Reproduce the entries in full and exactly. Pictures stay out.
-- WORKING DATA follows --
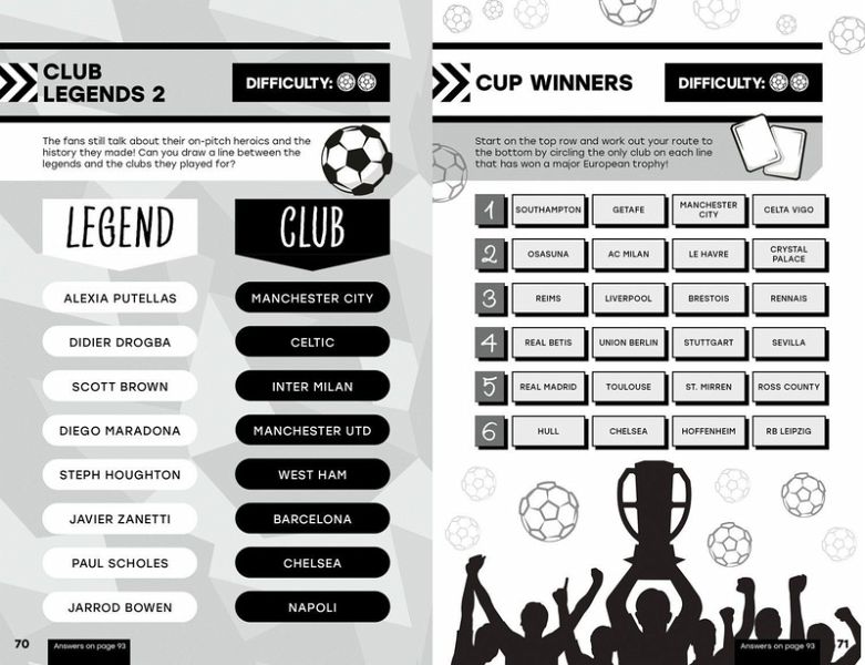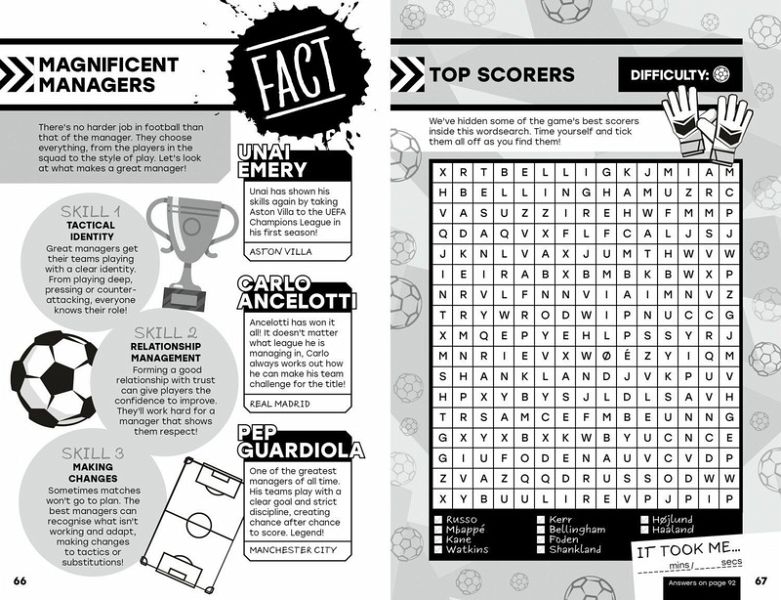 Discover everything there is to know about your favourite football heroes and clubs, then take on an action-packed mix of puzzles, quizzes and mega trivia!
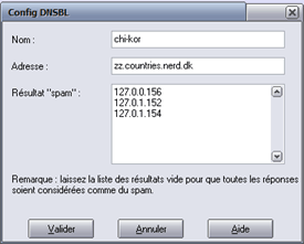 - Résultat "spam" : donne la liste des réponses possible du serveur, qui indique que l'adresse demandée est un spam. Une liste vide indique que toutes les réponses indiques un spam. Les valeurs à mettre dans cette liste dépendent de la configuration du serveur.
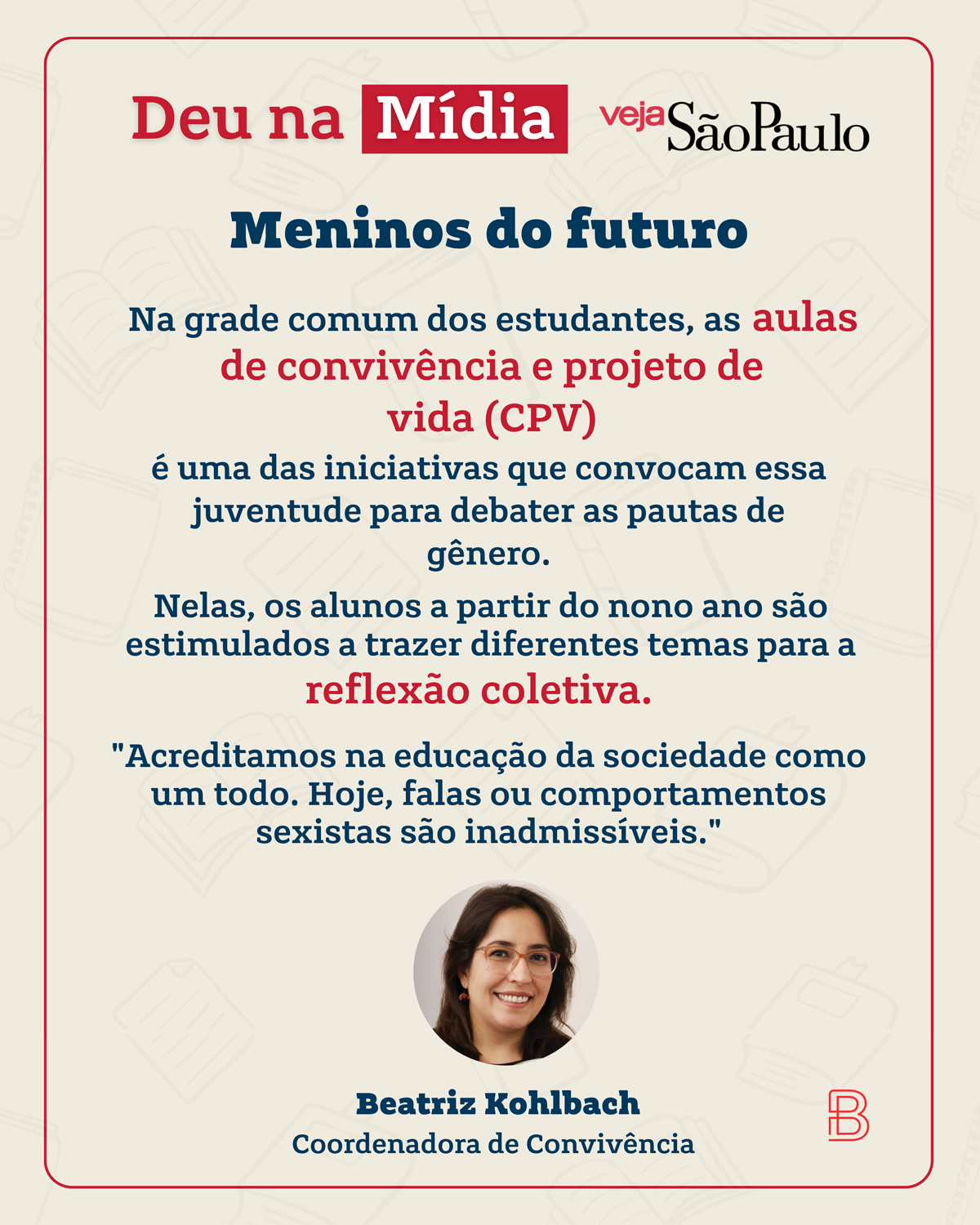 A Coordenadora de Convivência do Colégio, Beatriz Kohlbach, participou de uma reportagem sobre educação e masculinidade na Revista Veja. A matéria aborda como instituições e especialistas têm se posicionado para enfrentar a violência de gênero no país desde a juventude.
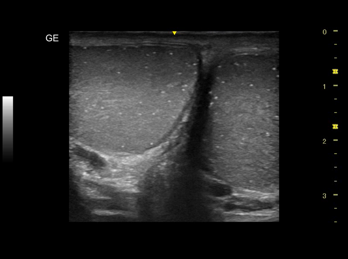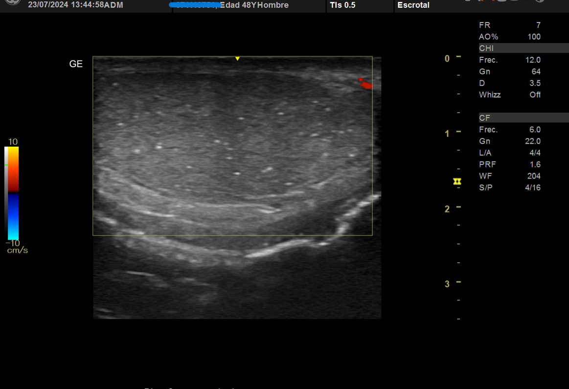 Realizamos ecografía clínica testicular: observamos ambos testículos con microlitiasis bilaterales puntiforme sin sombras acústicasen, en forma de cielo estrellado, vascularización normal, cabeza epidídimo izquierdo con leves signos inflamatorios, mínimo hidrocele.
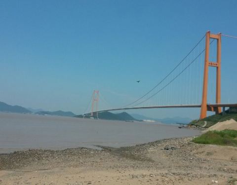 从陆地前往舟山岛的必经桥梁,建造的很宏伟,黄色桥身,双塔斜拉索,远看有点美国旧金山金门大桥的感觉。
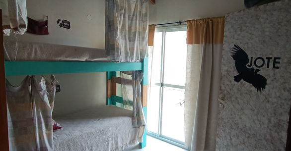 Habitación compartida mixta de cuatro camas(2 cuchetas) en primer piso. Acceso por escalera interna. Balcón con vista al patio. Baño compartido en Pasillo
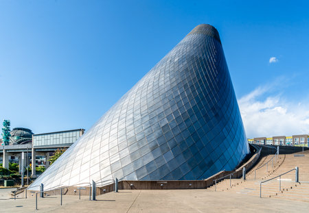 SAPPORO, JAPAN - 05 MAY 2024 : The symbol of Moerenuma park, the glass pyramid Hidamari, on February 5 in Sapporo. The glass pyramid is multi-purpose space, such as cultural activities and museum
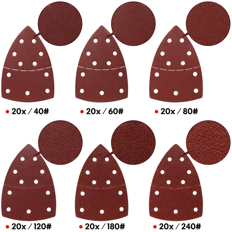 - Comprehensive Set: This sandpaper is suitable for all oscillating multi-tools and sanders and comes with 20 sheets of each grit in 40, 60, 80, 120, 180, 240#, total 120 sheets. From coarse to fine, meet your needs
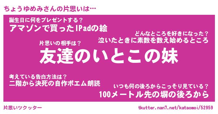 | ヘコむあだ名 | 『ちょにゅー』『つくし』『ちょを』 |
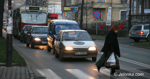 Popołudniowy szczyt na Wojska Polskiego: trudno przejść na drugą stronę ulicy.
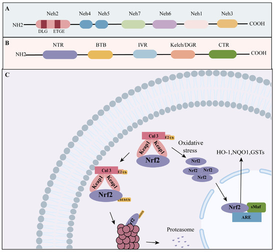 The structural architecture of Nrf2 and Keap1, and the Nrf2/Keap1 pathway. (A) Nrf2 consists of seven domains. (B) Keap1 contains five domains. (C) Under basal conditions, Nrf2 is bound with Keap1 and degraded in the cytosol. Under oxidative stress conditions, free Nrf2 is promoted and translocates into the nucleus and promotes the expression of downstream antioxidant genes. Some of the material in the image was sourced from BioRender.com, accessed on 24 July 2023. The black line in Figure 1C represents promotion. antioxidant response element: ARE; Kelch-like ECH-associated protein 1: Keap1; nuclear factor erythroid 2-related factor 2: Nrf2; small musculoaponeurotic fibrosarcoma: sMAF; heme oxygenase 1: HO-1; NADP (H) quinone dehydrogenase 1: NQO1; glutathione-S-transferases: GSTs.
-- WORKING DATA concluded --
• **FINISHED EXERCISE**:
 Discover everything there is to know about your favourite football heroes and clubs, then take on an action-packed mix of puzzles, quizzes and mega trivia!
 - Résultat "spam" : donne la liste des réponses possible du serveur, qui indique que l'adresse demandée est un spam. Une liste vide indique que toutes les réponses indiques un spam. Les valeurs à mettre dans cette liste dépendent de la configuration du serveur.
 A Coordenadora de Convivência do Colégio, Beatriz Kohlbach, participou de uma reportagem sobre educação e masculinidade na Revista Veja. A matéria aborda como instituições e especialistas têm se posicionado para enfrentar a violência de gênero no país desde a juventude.
 Realizamos ecografía clínica testicular: observamos ambos testículos con microlitiasis bilaterales puntiforme sin sombras acústicasen, en forma de cielo estrellado, vascularización normal, cabeza epidídimo izquierdo con leves signos inflamatorios, mínimo hidrocele.
 从陆地前往舟山岛的必经桥梁,建造的很宏伟,黄色桥身,双塔斜拉索,远看有点美国旧金山金门大桥的感觉。
 Habitación compartida mixta de cuatro camas(2 cuchetas) en primer piso. Acceso por escalera interna. Balcón con vista al patio. Baño compartido en Pasillo
 SAPPORO, JAPAN - 05 MAY 2024 : The symbol of Moerenuma park, the glass pyramid Hidamari, on February 5 in Sapporo. The glass pyramid is multi-purpose space, such as cultural activities and museum
 - Comprehensive Set: This sandpaper is suitable for all oscillating multi-tools and sanders and comes with 20 sheets of each grit in 40, 60, 80, 120, 180, 240#, total 120 sheets. From coarse to fine, meet your needs
 | ヘコむあだ名 | 『ちょにゅー』『つくし』『ちょを』 |
 Popołudniowy szczyt na Wojska Polskiego: trudno przejść na drugą stronę ulicy.
 The structural architecture of Nrf2 and Keap1, and the Nrf2/Keap1 pathway. (A) Nrf2 consists of seven domains. (B) Keap1 contains five domains. (C) Under basal conditions, Nrf2 is bound with Keap1 and degraded in the cytosol. Under oxidative stress conditions, free Nrf2 is promoted and translocates into the nucleus and promotes the expression of downstream antioxidant genes. Some of the material in the image was sourced from BioRender.com, accessed on 24 July 2023. The black line in Figure 1C represents promotion. antioxidant response element: ARE; Kelch-like ECH-associated protein 1: Keap1; nuclear factor erythroid 2-related factor 2: Nrf2; small musculoaponeurotic fibrosarcoma: sMAF; heme oxygenase 1: HO-1; NADP (H) quinone dehydrogenase 1: NQO1; glutathione-S-transferases: GSTs.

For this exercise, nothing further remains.